Старлей положил ручку на стол — план никак не давался и он был рад отвлечься от этой всей нудятины.
— А что произошло, тащ майор? — спросил старлей, когда они уже шли к КУНГу связи — пакистанцы что ли прорываться будут? Зинченко информация реализует, верняк должен быть.
— Бомбить будут — коротко сказал майор
— Бомбить?! Это ночью то?
— Ночью, ночью. Поговорку знаешь — меньше будешь знать, проще будет спать. Короче — всех убрать оттуда и точка.

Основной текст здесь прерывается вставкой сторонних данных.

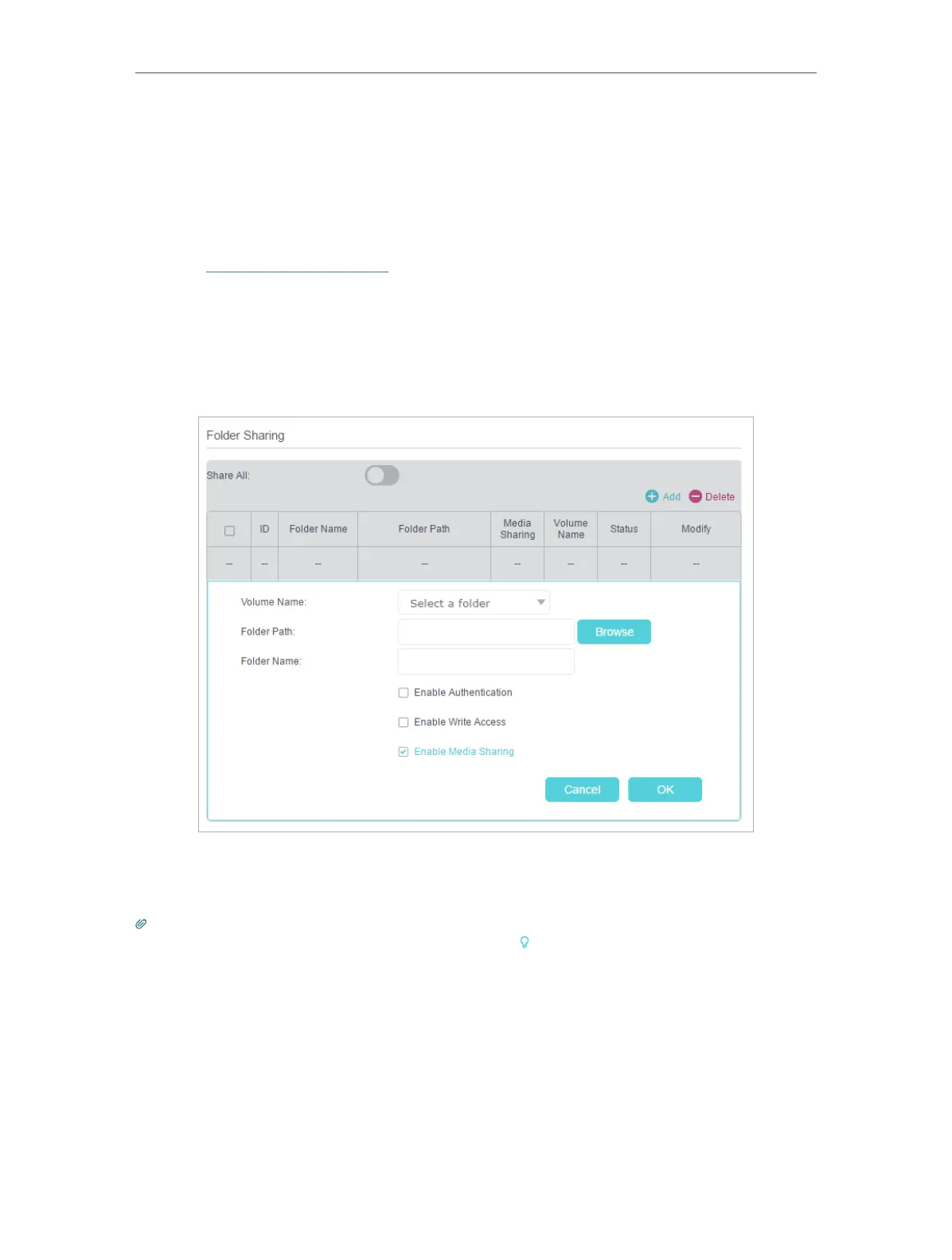 click Add to add a new sharing folder.

Ударный самолет — он получил неофициальное название Скорпион, потому что именно такой позывной ему присвоили — вылетел с аэродрома в Мары примерно в двадцать один ноль-ноль по местному времени. Там он простоял целый день, его загнали в ангар от любопытных глаз — но слухи уже поползли. Тяжелый самолет, едва взлетев — развернулся и взял курс на юг, забираясь все выше и выше и держа минимально возможную скорость для экономии топлива. Через несколько часов вслед ему должен был вылететь заправщик типа Ил-78, в качестве запасного варианта предусматривалась посадка на аэродромах Кандагара или Кабула. Ночная дозаправка в воздухе была делом рискованным, но до поры до времени светить экспериментальный самолет на афганских аэродромах не хотели. Там предатель каждый второй, и получить магнитную мину на крыло можно запросто.

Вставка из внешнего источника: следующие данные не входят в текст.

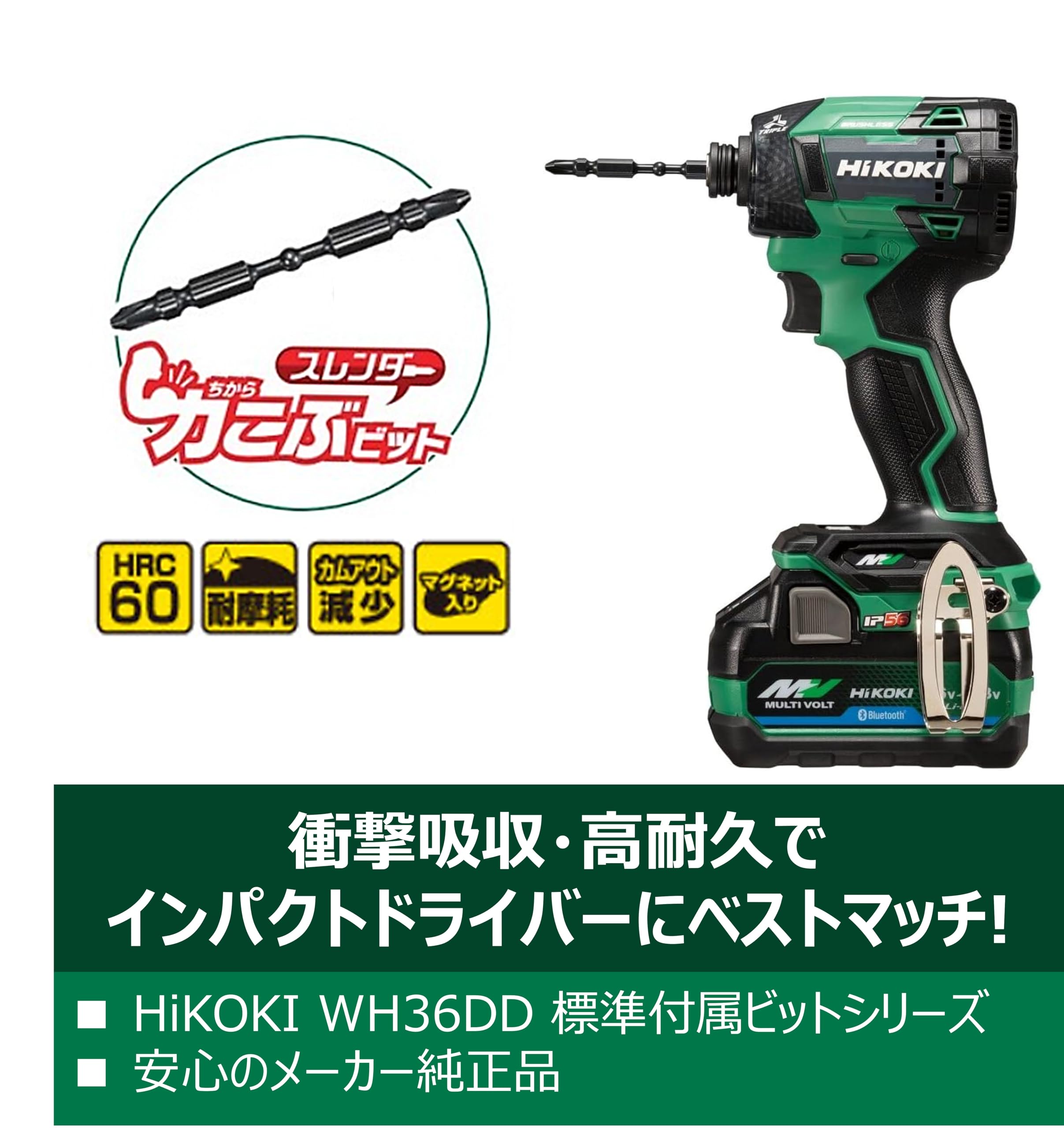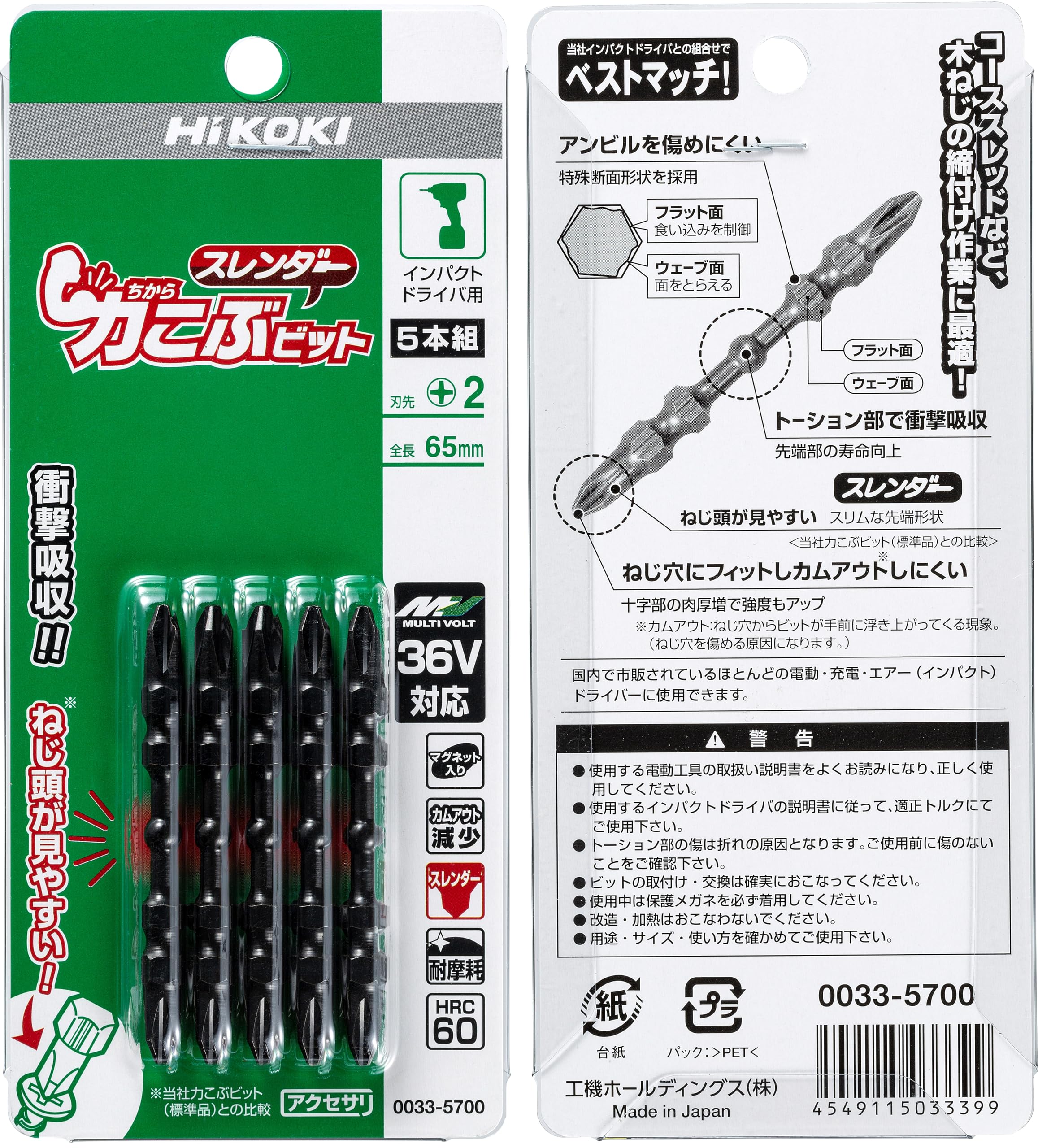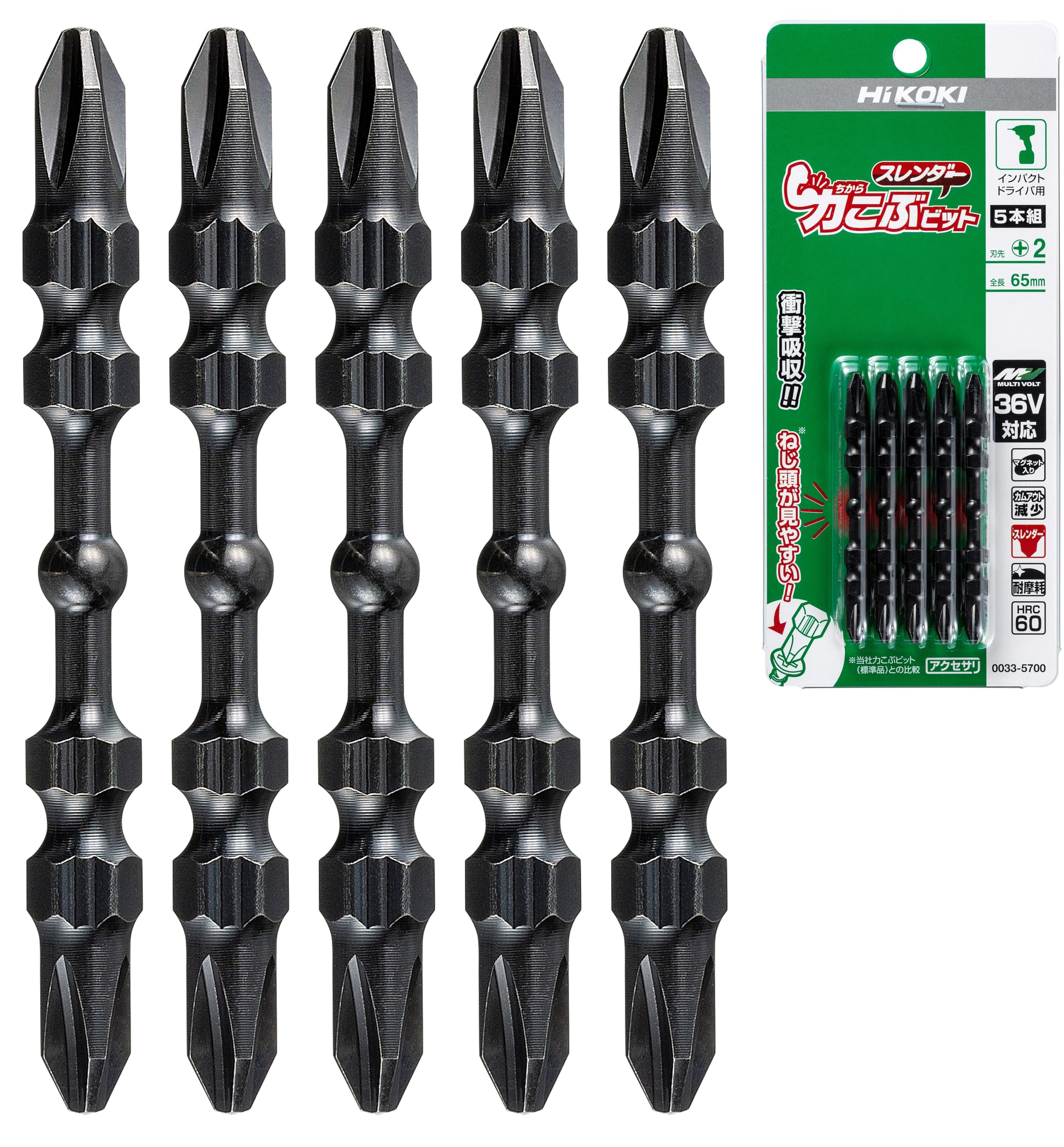 【数量限定】HiKOKI(ハイコーキ) トーションビット 力こぶ スレンダー No.2 全長65mm 六角軸二面幅6.35mm 5本入 インパクトドライバー用 0033-5700

В кромешной тьме ударный самолет пересек границу, без сирен и тостов — ставших уже традицией для советской авиации. До зоны наблюдения было чуть больше часа полета.
Рамиль сидел в откидном кресле в небольшом салоне за пилотской кабиной, переделанной под управление огнем. Два рабочих места, несколько дисплеев, передающих картинку уже с ночного канала. На трех мониторах — прицельная сетка для каждого из орудий самолета и цифры, отражающие его характеристики. Глухо гудели моторы, закладывало уши от большой высоты, от повышенного содержания кислорода в кабине чуть кружилась голова.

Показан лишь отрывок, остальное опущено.